Xuangang looked at me, a little flicker of fear in his eyes. “I trust these men,” he said.

“Well,” the robber said, “you are a fool for your trust. And we are fools for having let you live. But if you survive
this
night you are the luckiest fool I have ever met.” He looked at me and drew his sword. “Shall we have at it, then?”

In a fight like this it’s always a good idea to be on the side of the team with a vampire, two goblins, and an elf, if at all possible.
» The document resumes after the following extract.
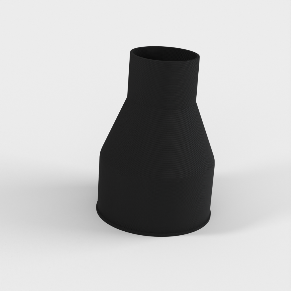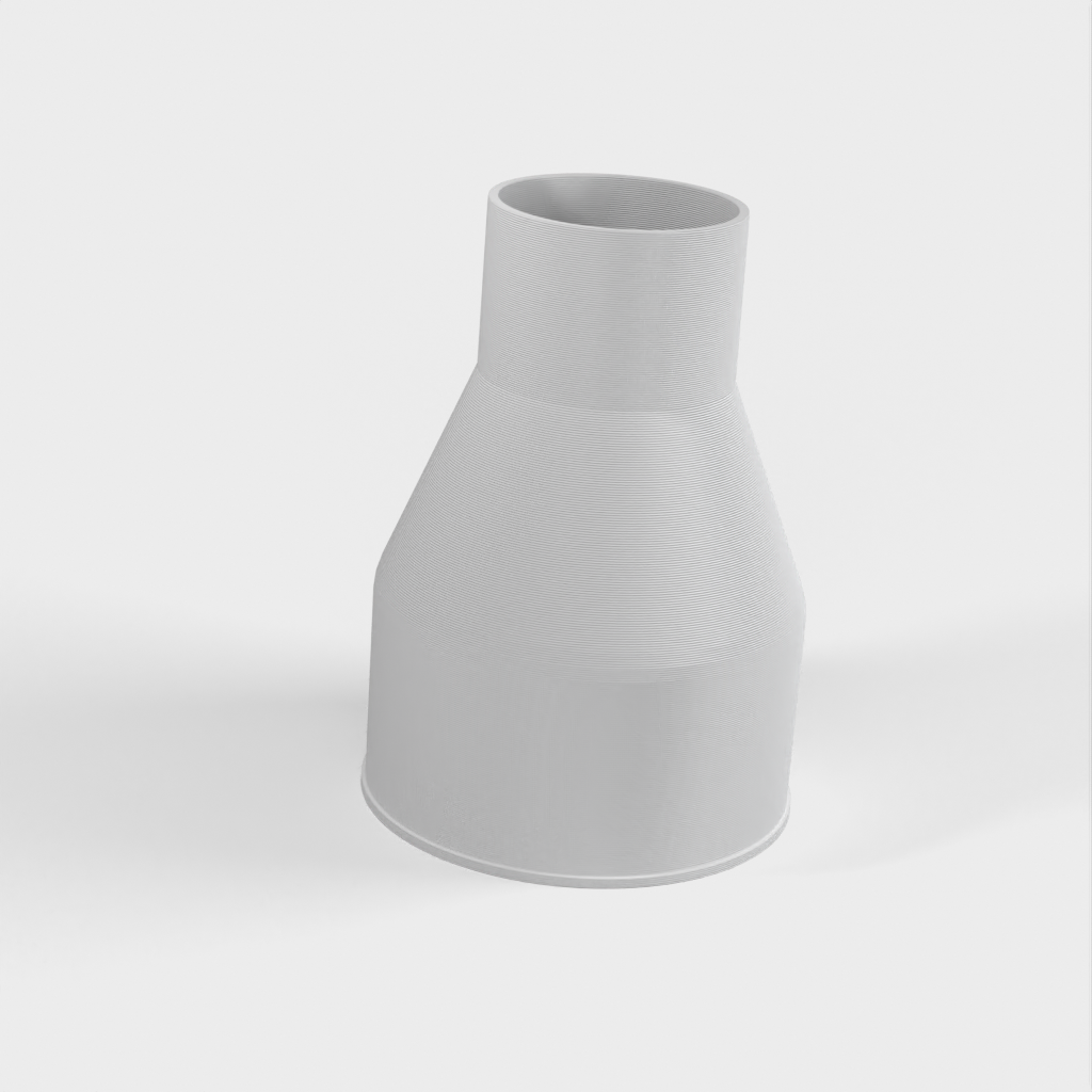 Adapter till min Bosch GTS 10 XC bordsågsdamport som passar en 100mm spånsugslang. Den stora sidan av adaptern är 100 mm med en liten läpp för att förhindra att slangen glider, medan den mindre sidan skär från 58 mm till 57 mm för att säkerställa en friktionspassning i dammöppningen på bordssågen.

I was, and so it really wasn’t much of a fight. Maybe ten or fifteen minutes of heavy skirmishing and then another half hour of cleanup. There were only twelve of them, and we killed them all, as one does. Not killing them would have been downright disrespectful, and would have resulted in us watching our backs for the rest of our lives.

The only person for whom all this was unexpected was Xuangang, who did not fully appreciate the sort of beings he had fallen in with until then. He was a little rattled.

I lost track of him during the fight, busy as I was with people who could actually kill me. After it was done I was busy making sure we found the silks—we did, in the back of the cave, in an ornately carved box that was also worth quite a bit—and making sure we hadn’t lost anyone. Evidently, sometime after witnessing Sven the depressed vampire rip someone’s head off, Xuangang decided it was in his best interest to escape into the hills. He made it about twenty feet before Aurus caught up with him. When Hsu and I reached them the Chinaman was busy throwing up the rice he’d had at the monastery.